I have done some research on this topic and thought about going the route of having a company make jerseys for me, but that is just way to expensive.

So I want to print some jerseys myself. Can anyone tell me how to go about doing this? or if it is even possible?

Thanks in advance


----------



## numbercruncher (Feb 20, 2009)

Cycling jerseys cover a broad spectrum of fabrics - including spandex and lycra - could you be more specific...also let us know what color you are printing and the color of the cycling gear.


----------



## new_to_printing (Jun 25, 2009)

I think it will just be polyester, but again I am not sure because I cant seem to track down where I can buy wholesale blank jerseys.... But lets just say polyester for now....

Also would you have an idea where I can buy bulk jersey from?

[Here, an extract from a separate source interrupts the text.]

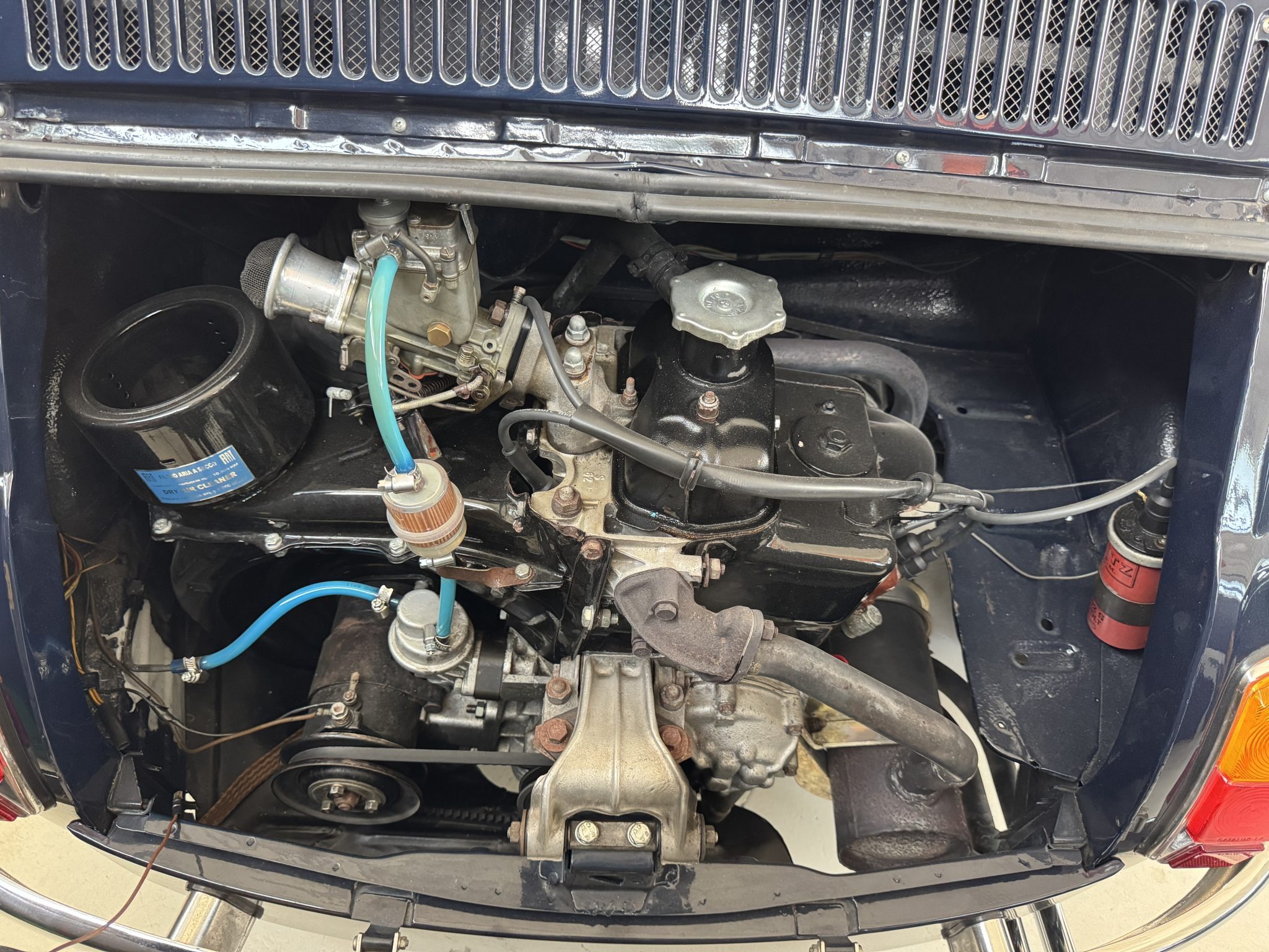 The replacement air-cooled 652cc parallel-twin is said to have been sourced from a Fiat 126 and installed in 2020. It is fed by a Dell’Orto carburetor, and a Giannini oil pan has been fitted.

The colors I am looking to do is just a white jersey with either black ink and maybe a small spot of color, but mainly just black ink nothing fancy just text....


----------



## numbercruncher (Feb 20, 2009)

*Printing Cycling Jerseys*

If you have some experience screen printing this should not be too difficult because it requires no special inks. You say you are printing black on white poly that has no lycra or spandex material. Print as you would a tee - you may have to run through your dryer twice since curing may take a bit longer. Be careful as poly will shrink/burn if exposed to excessive heat.
Have printed lots of poly/nylon jerseys and their combos-
Please note that if anything changes in your scenario it is likely the answer provided above would change as well.


----------



## new_to_printing (Jun 25, 2009)

The jerseys I found are made of wicking poly fabric. See I am new to printing so this is a new venture for myself...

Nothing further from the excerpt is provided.